### Task instructions
Exactly the lines from the start of the data below through the line that contains "Выручка производителей флеш-памяти" are to be copied, with pictures left out.

Excerpts from a dataset:
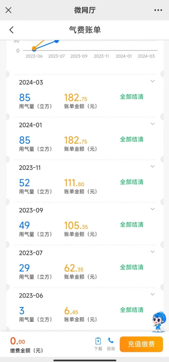 6月底搬家过来,7月开始每个月都是二三十方的用气量,后面改为两个月一抄表,也只有五六十方用气量(之前是租房,也差不多是这个用气量);但2023年底开始,在家里同样人数、同样生活方式的情况下,为何就上涨为八九十方用气量了,上涨30%多;而且2023年11月-2024年1月和2024年1月-2024年3月用气量不约而同的都是85方,金额都是182.75,是巧合还是什么情况呢?
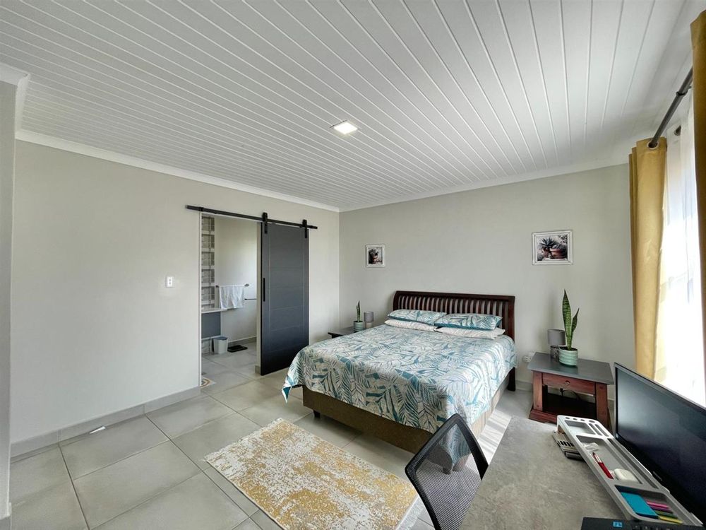 The heart of the home is the kitchen, lounge, and dining area with a built-in braai, enhanced by beautiful exposed beams that add character, warmth, and a sense of space. Designed with family living and entertaining in mind, this open-plan space ensures no one ever misses a beat. From here, your eyes are immediately drawn to the distant ocean views, guiding you to the expansive enclosed veranda—perfect for relaxing, entertaining, or simply soaking up the scenery.
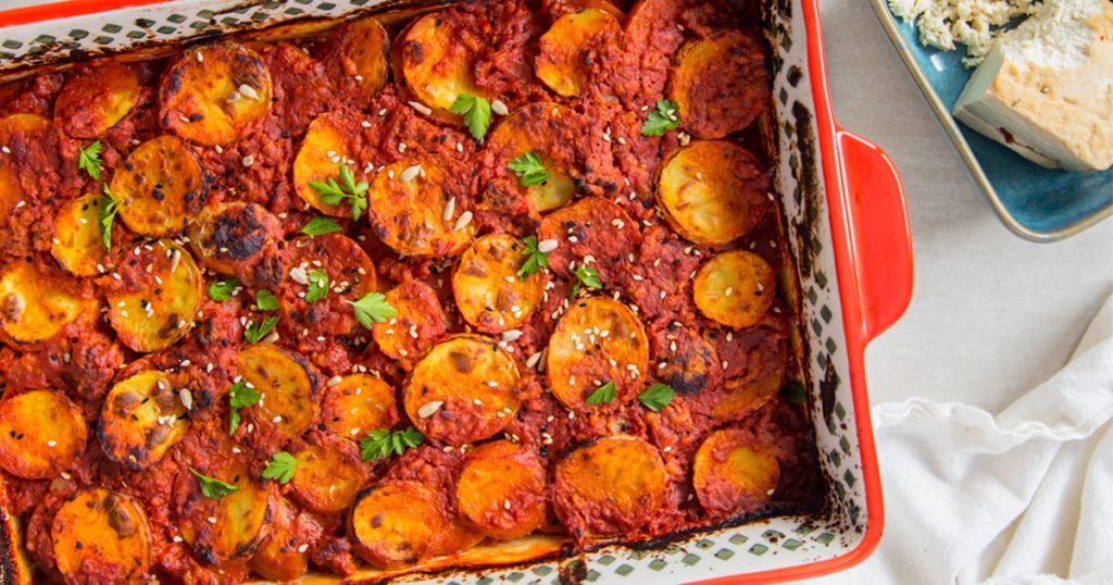 اخبزي الصينية في فرن مسخّن مسبقًا على درجة حرارة 180 درجة مئوية. اتركي الصينية في الفرن لمدة 45 دقيقة، أو حتى تصبح البطاطس طرية ومطهوة تمامًا.
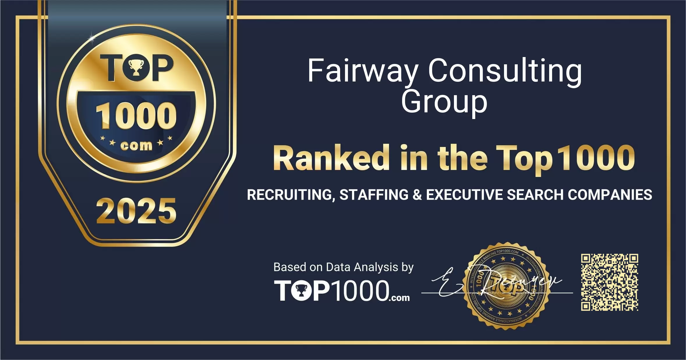 Fairway Consulting Group has been included in the Top 1000 Recruiting, Staffing & Executive Search Companies ranking. Use the options below to share this acknowledgement through your official channels.
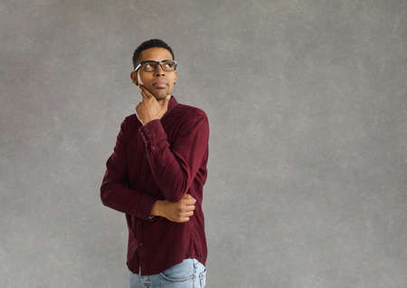 Studio portrait of pensive thoughtful young african american man in glasses touching chin looking over shoulder to side weighing pros and cons of sentence thinking. Advertisement concept
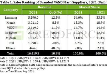 Выручка производителей флеш-памяти NAND во втором квартале TrendForce выросла на 10,8%
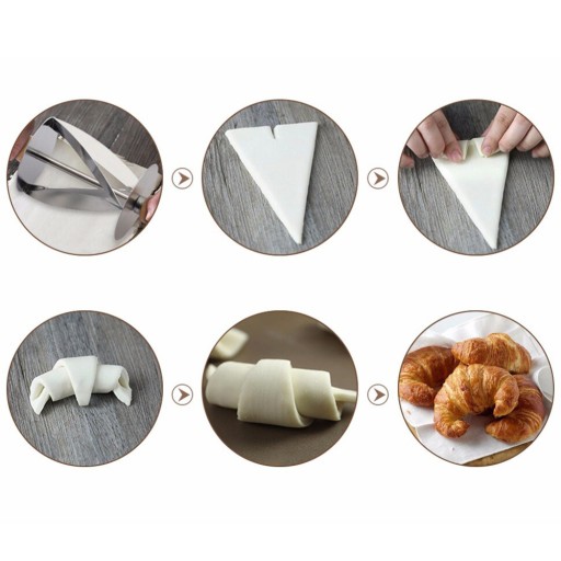 Dzięki konstrukcji ze skrzyżowanymi ostrzami wałek toczy się po cieście, aby uzyskać trzy trójkątne kawałki ciasta o jednakowej wielkości.
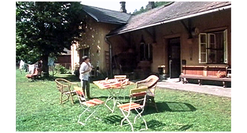 リボルは、暑いのでYシャツを脱ぎ、草の生えた線路の上を歩いて行く〔廃線なのは分かるが、レールが残っているので、「線路は撤去」の意味が分からない〕。しばらく歩くと目の前が開け、使われなくなった駅が見えてくる(2枚目の写真)。実は、このスドミェル駅は、先ほどのスカルスコ駅の北西1km〔線路沿いの距離〕にあり、現役の駅舎内にはスドミェル鉄道博物館(Železniční muzeum Sudoměř)もある。https://www.mladoboleslavsko.eu/dr-cs/16107-zeleznicni-muzeum-sudo mer.html というサイトにある 2枚目の写真とほぼ同じ場所から撮った写真を 3枚目に示す。線路は現役なので 草は生えていない。映画の撮影に当たり、廃線のように見せかけたと思われるが、列車は定時運行しているので、どうやって撮影したのだろう? リボルはYシャツを着ると、パネンコの家の前まで行き、「今日は!」と大きな声で呼びかける(4枚目の写真)。https://www.idnes.cz/cestovani/po-cesku/ muzea-vonici-parou-sudomer-u-mlade-boleslavi-dreziny.A221117_190804_po-cesku_vrja というサイトにある 4枚目の写真とほぼ同じ場所から撮った写真を 5枚目に示す〔現役の駅なので、先ほどのスカルスコ駅同様、紺色の板に白字で駅名(Sudoměř)が表示されている〕。
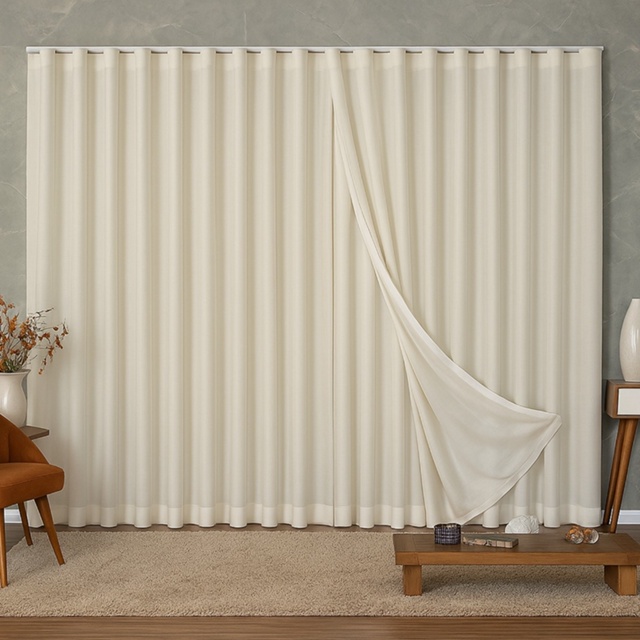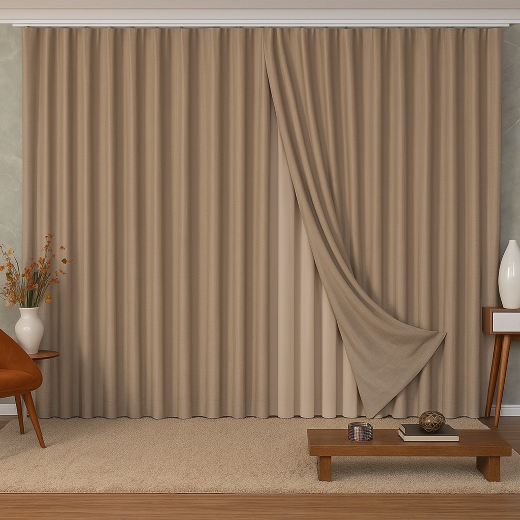 CORTINA VOIL GAZE DE LINHO COM FORRO MICROFIBRA para Trilho Suíço Simples Max Esta cortina em Voil de Linho com forro em microfibra é a perfeita combinação entre sofisticação e funcionalidade. Confeccionada com técnica de alta costura, ela reflete um acabamento impecável, que valoriza qualquer ambiente com sua leveza e elegância. De textura refinada e suave, permite a entrada de luz natural de forma difusa, criando uma atmosfera acolhedora e delicada sem abrir mão da fluidez e beleza do design. Ideal para quem busca um toque de luxo discreto e duradouro, esta cortina é uma verdadeira obra de arte têxtil, capaz de transformar qualquer espaço com um toque de classe. DADOS DA CORTINA: > O tamanho da Altura pode ser selecionado juntamente com a cor no momento da compra (alturas disponíveis neste anúncio: 2,30/2,40/2,50/2,60/2,70/2,80/2,90/3,00 metros) > Tamanho da Largura: 4 metros > Tamanho da Bainha: de 7-10 centímetros > Tamanho Sugerido de Trilho: 2 metros (Trilho Suíço Simples Max) > Dividida em 2 partes > Voil e Forro são costurados juntos > Não possui taxa significativa de vedação > Composição do Tecido: Linho em 100% Poliéster e Tecido Microfibra 100% Poliéster > NÃO é blackout INFORMAÇÕES ADICIONAIS > A largura do anúncio se refere ao tamanho total da cortina esticada > As alturas disponíveis se referem ao tamanho final do produto, não possui descontos de tecido > O tamanho da bainha é padrão, sem opção de escolha. > Lavagem apenas no modo delicado da máquina > As cores podem variar levemente de monitor para monitor (PODE HAVER VARIAÇÃO NOS TONS) > Asseguramos o mesmo tom caso a compra de mais unidades sejam fechadas em um único pedido > NÃO ACOMPANHA TRILHO > GARANTIA DO FABRICANTE DENTRO DOS 7 DIAS DE PEDIDO RECEBIDO "QUAL O TAMANHO IDEAL PARA O MEU ESPAÇO?" > Indicamos optar sempre pelo dobro da largura do seu espaço, para que ela não fique esticada, sem franzimento exemplo: uma parede de 2 metros de largura, necessitará de uma cortina de 4 metros de largura. ATENÇÃO: ALTERAÇÕES NO PEDIDO SÓ SERÃO ATENDIDAS SE FOREM SOLICITADAS EM ATÉ 3O MINUTOS APÓS A COMPRA, APÓS ISSO O PEDIDO É ENCAMINHADO À CONFECÇÃO E >>NÃO<< É POSSÍVEL SER ALTERADO! Em caso de dúvidas, entre em contato conosco pelo chat.
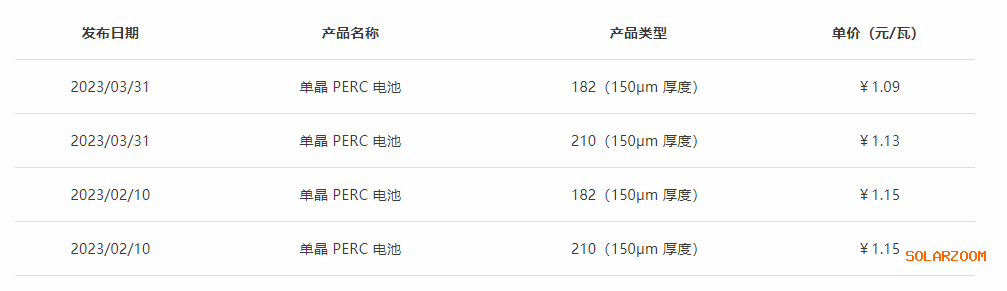 单晶182(150μm厚度)电池报价1.09元/W,与上期报价相比下降0.06 元/W;
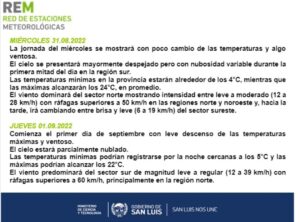 HomeClimaMiércoles mayormente despejado, con nubosidad variable y fuertes ráfagas de viento Clima Miércoles mayormente despejado, con nubosidad variable y fuertes ráfagas de viento Por Redacción 31 agosto, 2022 TagsPortada Previous articleMurió Mikhail Gorbachov, el último líder de la Unión SoviéticaNext articleSu padrastro abusó de ella cuando era niña, lo condenaron a 14 años de cárcel y apeló: “Tengo miedo que lo liberen” Noticias Relacionadas Clima La semana comienza con mañanas frías y chance de heladas en varias localidades 6 octubre, 2025 Clima La semana termina con temperaturas de verano y pronóstico de un fin de semana inestable 3 octubre, 2025 Clima Octubre comienza con abundante nubosidad y temperaturas agradables 1 octubre, 2025 mas leido Un camión volcó en la ruta 147: el conductor resultó ileso 10 octubre, 2025 El Carrillo recibió un certificado de la OPS por su labor en vigilancia de infecciones respiratorias 10 octubre, 2025 San Luis: prisión preventiva para un joven acusado de incendiar una vivienda y amenazar a vecinos 10 octubre, 2025 El ministerio de Salud impulsa acciones en toda la provincia para la prevención del cáncer de mama 10 octubre, 2025 Load more
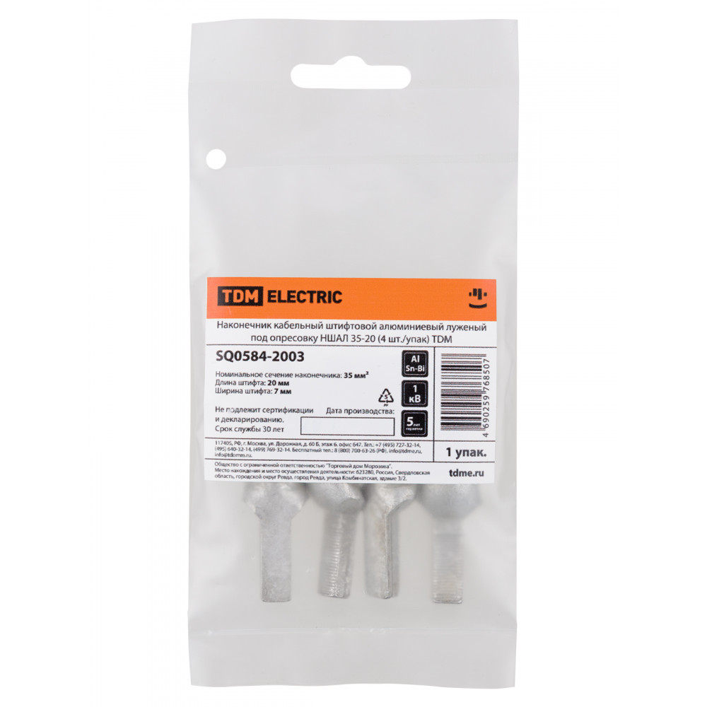 Наконечник кабельный штифтовой алюминиевый луженый под опресовку НШАЛ 35-20 (4 шт./упак) TDM
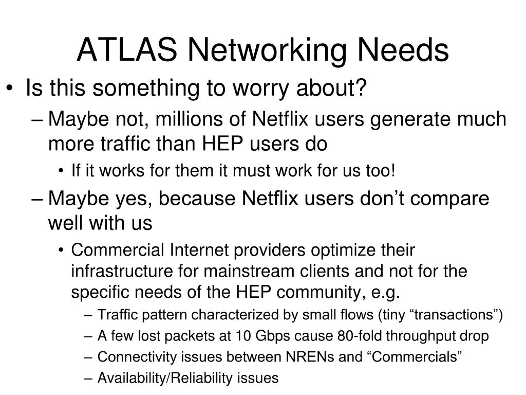 ATLAS Networking Needs • Is this something to worry about? • Maybe not, millions of Netflix users generate much more traffic than HEP users do • If it works for them it must work for us too! • Maybe yes, because Netflix users don’t compare well with us • Commercial Internet providers optimize their infrastructure for mainstream clients and not for the specific needs of the HEP community, e.g. • Traffic pattern characterized by small flows (tiny “transactions”) • A few lost packets at 10 Gbps cause 80-fold throughput drop • Connectivity issues between NRENs and “Commercials” • Availability/Reliability issues
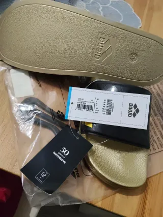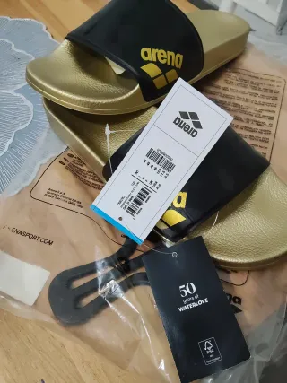 Chanclas de la marca Arena, edición especial 50 years of waterlove. - Diseño en dorado y negro. - Talla 45. - Suela con logo de la marca.
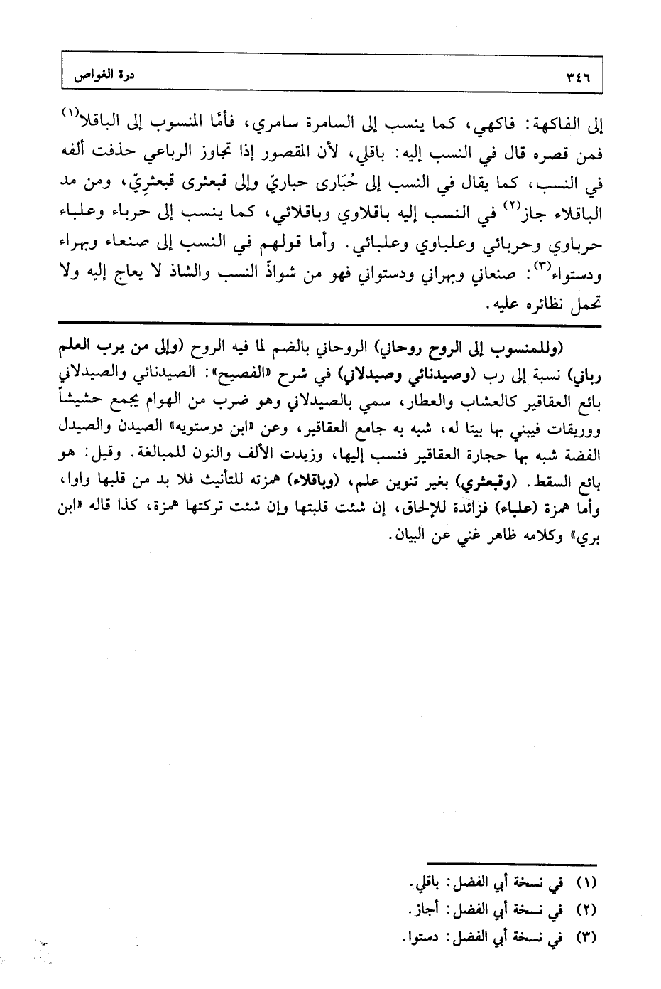 (وللمنسوب إلى الروح روحاني) الروحاني بالضم لما فيه الروح (وإلى من يرب العلم رباني) نسبة إلى رب (وصيدنائي وصيدلاني) في شرح "الفصيح": الصيدنائي والصيدلاني بائع العقاقير كالعشاب والعطار، سمي بالصيدلاني وهو ضرب من الهوام يجمع حشيشًا ووريقات فيبني بها بيتًا له، شبه به جامع العقاقير، وعن "ابن درستوية" الصيدن والصيدل الفضة شبه بها حجارة العقاقير فنسب إليها، وزيدت الألف والنون للمبالغة. وقيل: هو بائع السقط. (وقبعثري) بغير تنوين علم، (وباقلاء) همزته للتأنيث فلا بد من قلبها واوًا، وأما همزة (علباء) فزائدة للإلحاق، إن شئت قلبتها وإن شئت تركتها همزة، كذا قاله "ابن بري" وكلامه ظاهر غني عن البيان.
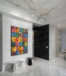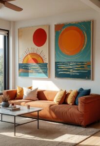 Next, look at the existing colors in the room (furniture, rugs, pillows). Consequently, you can choose art that harmonizes by sticking to the same family of colors. This creates a soothing effect. Conversely, you can choose art that contrasts with a few bold colors. Ultimately, this makes the piece truly pop and introduces an accent color.
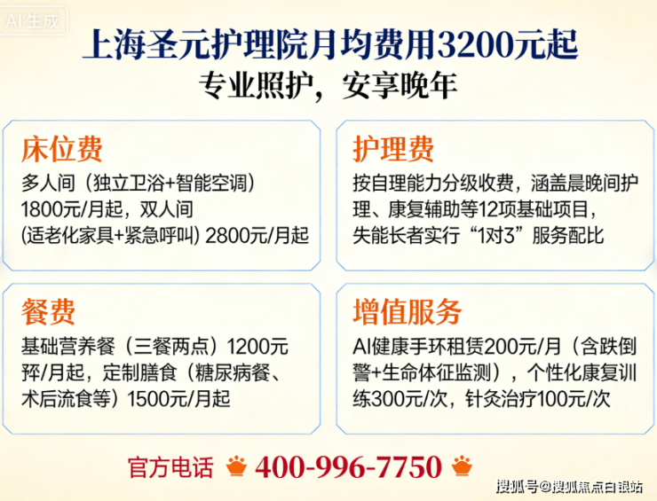 收费价格:3200元/月起(含床位、基础照护、三餐两点)

### Written response
 6月底搬家过来,7月开始每个月都是二三十方的用气量,后面改为两个月一抄表,也只有五六十方用气量(之前是租房,也差不多是这个用气量);但2023年底开始,在家里同样人数、同样生活方式的情况下,为何就上涨为八九十方用气量了,上涨30%多;而且2023年11月-2024年1月和2024年1月-2024年3月用气量不约而同的都是85方,金额都是182.75,是巧合还是什么情况呢?
 The heart of the home is the kitchen, lounge, and dining area with a built-in braai, enhanced by beautiful exposed beams that add character, warmth, and a sense of space. Designed with family living and entertaining in mind, this open-plan space ensures no one ever misses a beat. From here, your eyes are immediately drawn to the distant ocean views, guiding you to the expansive enclosed veranda—perfect for relaxing, entertaining, or simply soaking up the scenery.
 اخبزي الصينية في فرن مسخّن مسبقًا على درجة حرارة 180 درجة مئوية. اتركي الصينية في الفرن لمدة 45 دقيقة، أو حتى تصبح البطاطس طرية ومطهوة تمامًا.
 Fairway Consulting Group has been included in the Top 1000 Recruiting, Staffing & Executive Search Companies ranking. Use the options below to share this acknowledgement through your official channels.
 Studio portrait of pensive thoughtful young african american man in glasses touching chin looking over shoulder to side weighing pros and cons of sentence thinking. Advertisement concept
 Выручка производителей флеш-памяти NAND во втором квартале TrendForce выросла на 10,8%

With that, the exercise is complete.